On a 30-plus-acre estate in New Canaan, Lindh’s team spends a week each season pruning, reshaping and maintaining a topiary garden that’s been in place for many years. They use several types of pruning shears, including long-handled shears she brings back from England that allow her and team members to lean over plantings and shape them into diamonds, orbs, peacocks, doves, lollipops and pom-poms among other traditional forms dating back centuries.
“We do all our topiary by hand,” she says, “because if you do it with a hedge trimmer it’ll shred the leaves and they’ll turn brown.” The tools are sharpened and sterilized (to avoid cross-contamination of blight) for a clean, hard look. “It just takes time,” she adds, “and that’s fine.”
Elsewhere, more playful topiary can lighten even dreary days. Back on Greenfield Hill, the late Candy Raveis took the five-plus-acre hilltop property on which she grew up and, with husband Bill Raveis, transformed it into a showcase of border gardens, courtyards, orchards and topiary tableaux.
In one section, high boxwood hedges were sculpted into oversized armchairs—King and Queen chairs for the couple—that look comfortable enough to sit on. Beside them is a soft-looking boxwood in the shape of an oversized bunny, one of Candy’s favorite animals, and for centuries a European favorite. On warm evenings after work, the two would take glasses of champagne out to the setting and, seated on less-amusing but more practical chairs, talk about their respective days.
Outside the home’s conservatory, with views of the shimmering waters of Long Island Sound in the distance, lower boxwood was crafted into a sailboat with a bear at the helm.
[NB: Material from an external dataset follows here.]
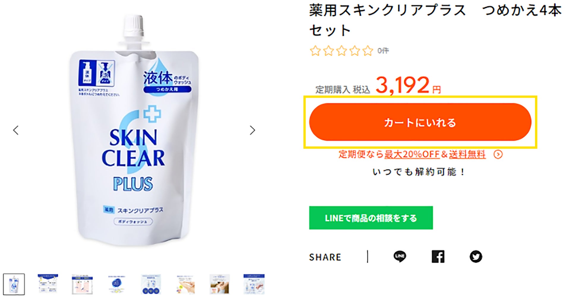 ご注文窓口 0120-43-2828(受付時間 9:00-17:00/土日祝日、当社休業日を除く)にお電話いただき、オペレーターに薬用スキンクリアプラスまたは薬用泡スキンクリアプラスのどちらのおまとめ定期便をご希望かをお申し付けください。
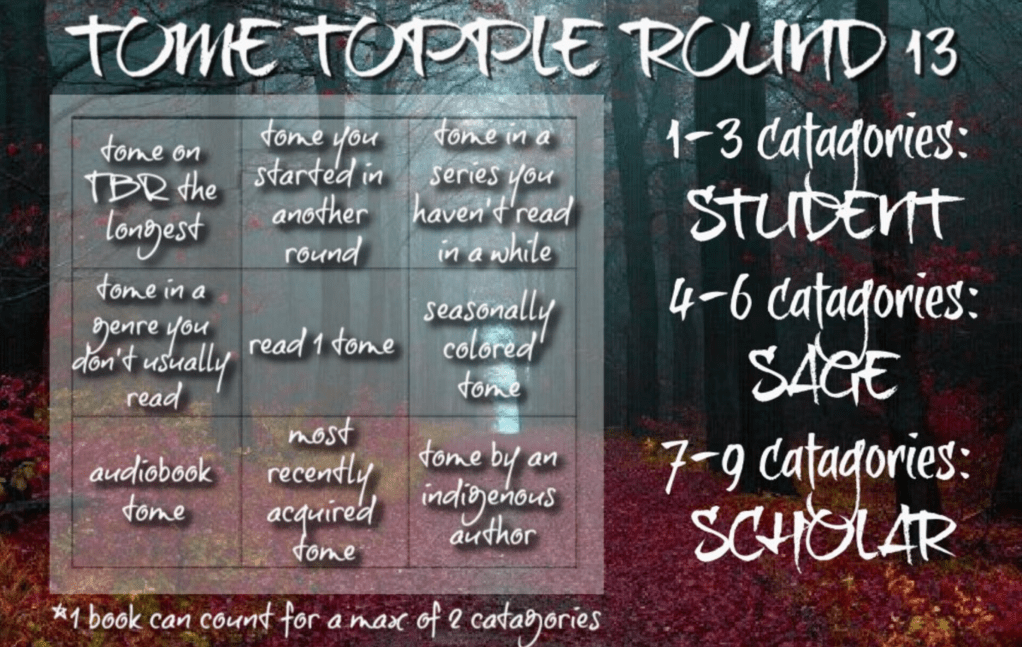 Are you participating in this round of Tome Topple? If so, let me know what is on your TBR! Or what you thought of any of the books on my TBR if you’ve read them!

And why not? Beyond delighting the Raveis grandchildren, bears setting out to sea might be the perfect antidote to times that try men’s—and women’s—souls.
“If you have a garden and a library,” Cicero wrote, “you have everything you need.”
So, let’s take a favorite book out into the Secret Garden, or into the outdoor Recovery Room, or into the middle of the Living Salad Garden, and leave the lawn and disorder of the outside world outside.